## Entries supplied
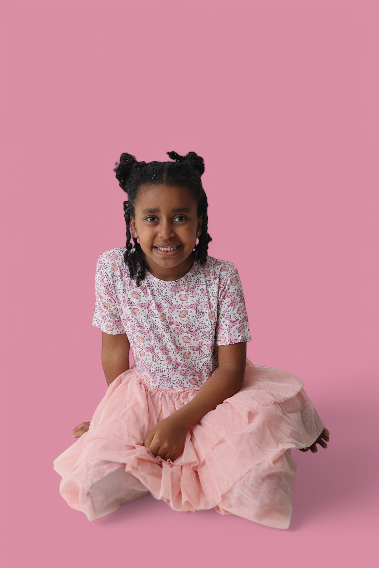 - Whimsical mermaid print with tails, shells, and stars in dreamy pink tones
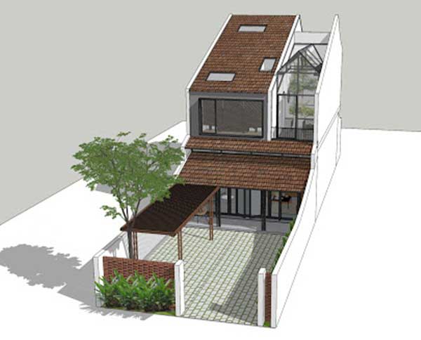 Diện tích hẹp cũng không thể nào ngăn lại vẻ đẹp và công năng tiện ích của ngôi nhà này. Đây là phương án tuyệt vời cho những ai sinh sống ở thành phố mà có diện tích nhà với chiều ngang khiêm tốn. Phần mái dốc từ trên xuống giúp nước mưa không bị ứ đọng lại rất tiện lợi. Ngoài ra, với thiết kế ngoại thất hiện đại và cách bố trí sang trọng, ngôi nhà càng trở nên năng động và hợp thời hơn.
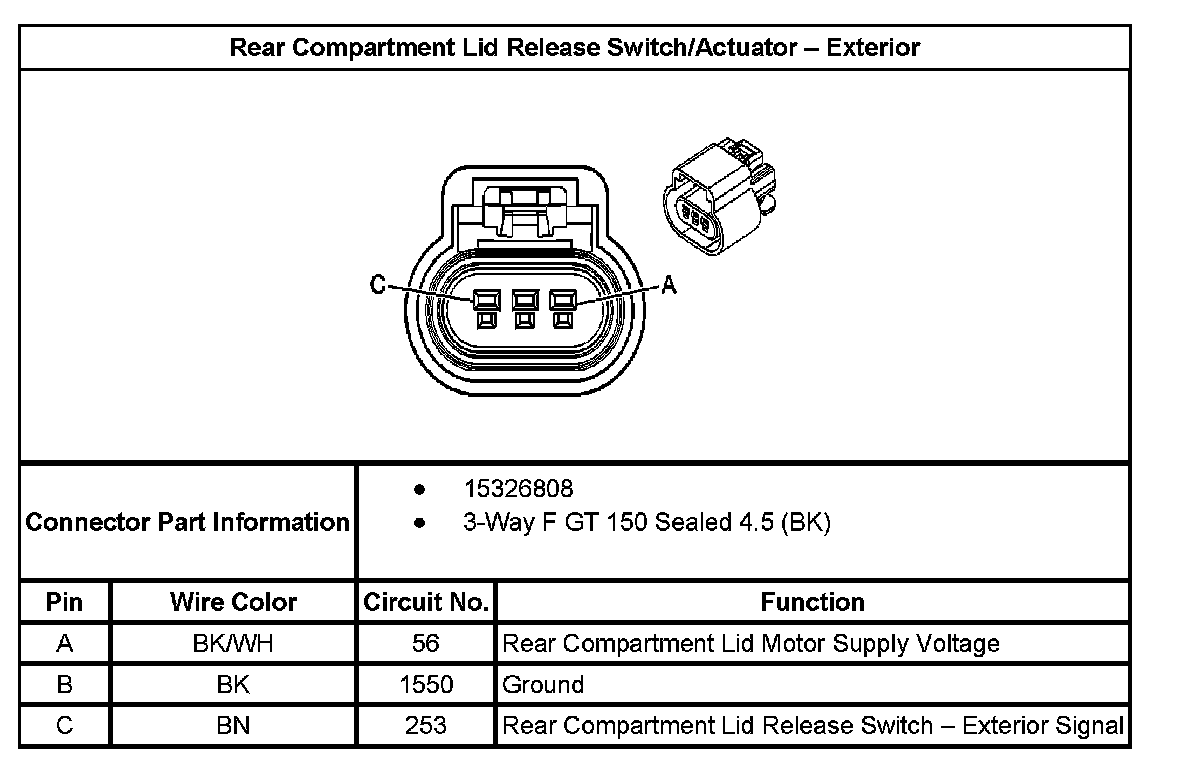 Rear Compartment Lid Release Switch/Actuator - Exterior:
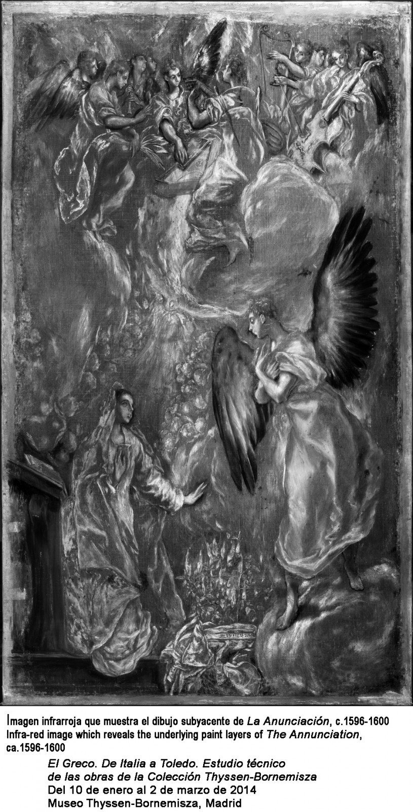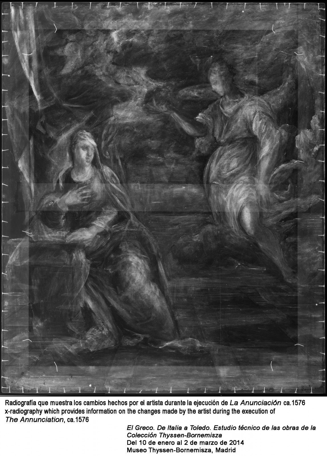 To mark the 400th anniversary of the death of El Greco, the Museo Thyssen-Bornemisza is holding the exhibition “El Greco. From Italy to Toledo” until March, 2 (free entry). It presents the results of the technical studies undertaken by the Museum’s Restoration Department on four works by the artist in the Permanent Collection: The Annunciation, ca.1576; Christ embracing the Cross, ca.1587-1596; The Annunciation, ca.1596-1600; and The Immaculate Conception, ca.1608-1614. Studying paintings from different periods of the artist’s career, and painted in different places, represents an outstanding opportunity for an in-depth analysis of El Greco’s technical and conceptual evolution during two notably contrasting periods of his life, separated by a period of approximately two decades.
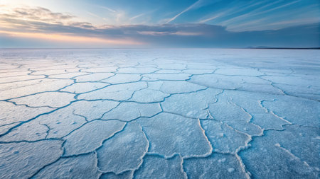 Glacier landscapes plateau sunrise cracked salt flat horizon serene expanse
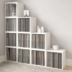 Way Basics Eco Stackable Vinyl Record Storage Cube Natural Wood Grain
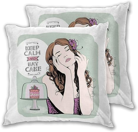 Lisniany 2er Set Dekorativ Kissenbezug Essen Sie Kuchen Schriftzug Mit Retro Stil Geschlossene Augen Hubsche Frau Und Susse Wuste 45 X 45cm Sofa Buro Dekor Kissenhulle Amazon De Kuche Haushalt
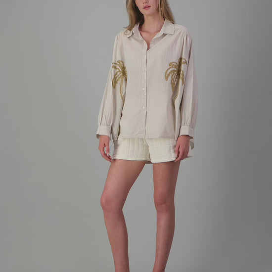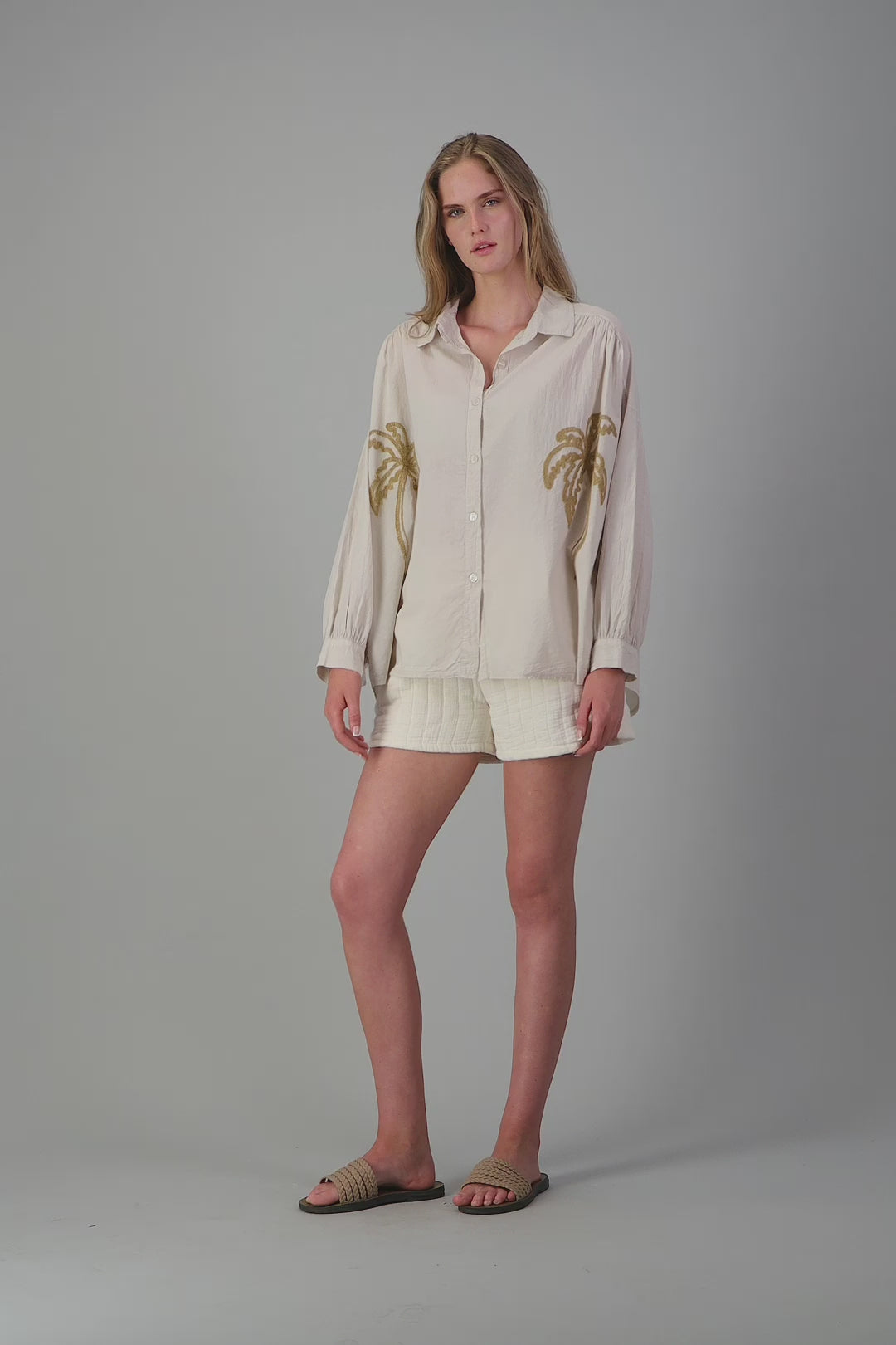 COTTON VOILE BUTTON DOWN SHIRT WITH GATHERED BACK AND PALM TREE EMBROIDERED DETAIL
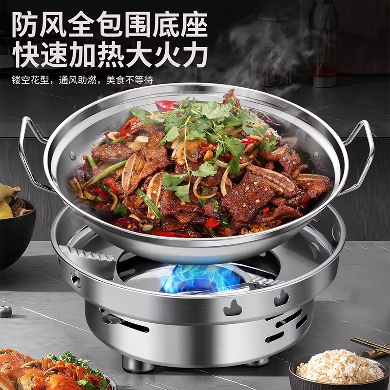 不锈钢干锅锅具酒精炉子小火锅家用一套家用固体商用不粘锅防风
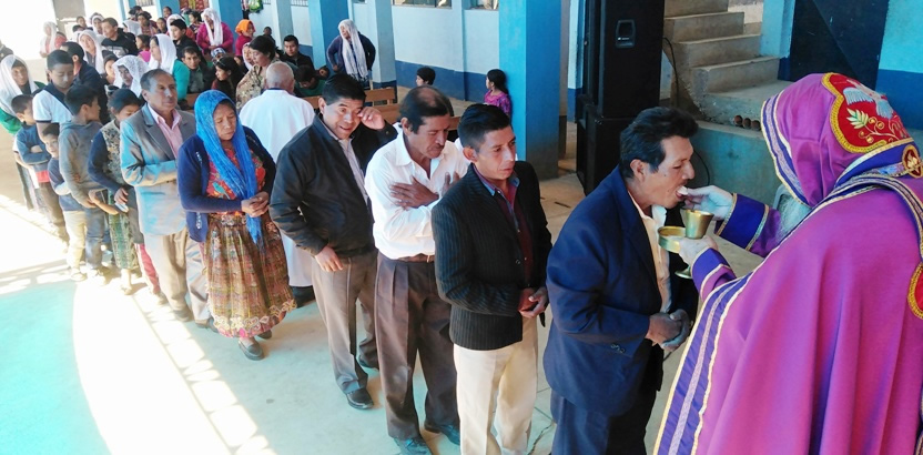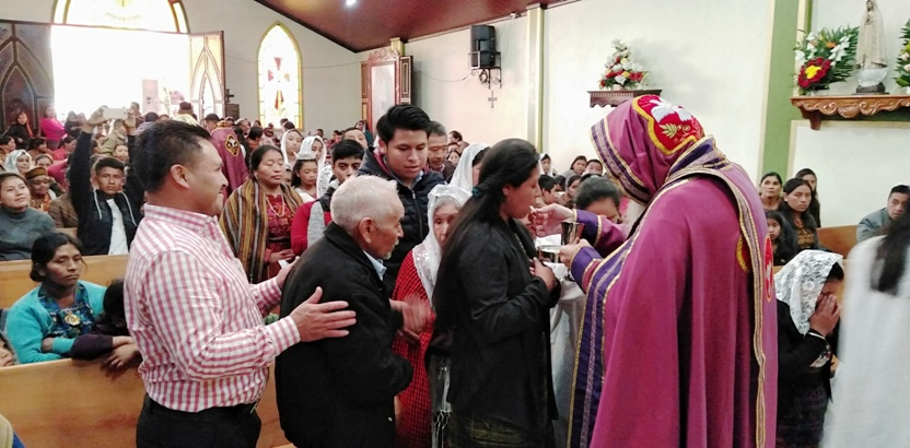| 12: COMUNIÓN SOLEMNE Y BENDICIÓN DEL ALTAR Y DEL SAGRARIO EN LA COMUNIDA DE SAN JUAN IXCOY, HUEHUE. |
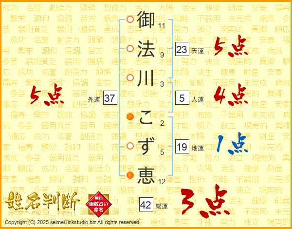 御(11画)法(9画)川(3画) こ(2画)ず(5画)恵(12画)

## Work instruction
Transcribe exactly, and only, the lines from the one containing "不锈钢干锅锅具酒精炉子小火锅家用一套家用固体商用不粘锅防风" through the last line of the records above, both included; leave out the pictures.

## Task answer
 不锈钢干锅锅具酒精炉子小火锅家用一套家用固体商用不粘锅防风
| 12: COMUNIÓN SOLEMNE Y BENDICIÓN DEL ALTAR Y DEL SAGRARIO EN LA COMUNIDA DE SAN JUAN IXCOY, HUEHUE. |
 御(11画)法(9画)川(3画) こ(2画)ず(5画)恵(12画)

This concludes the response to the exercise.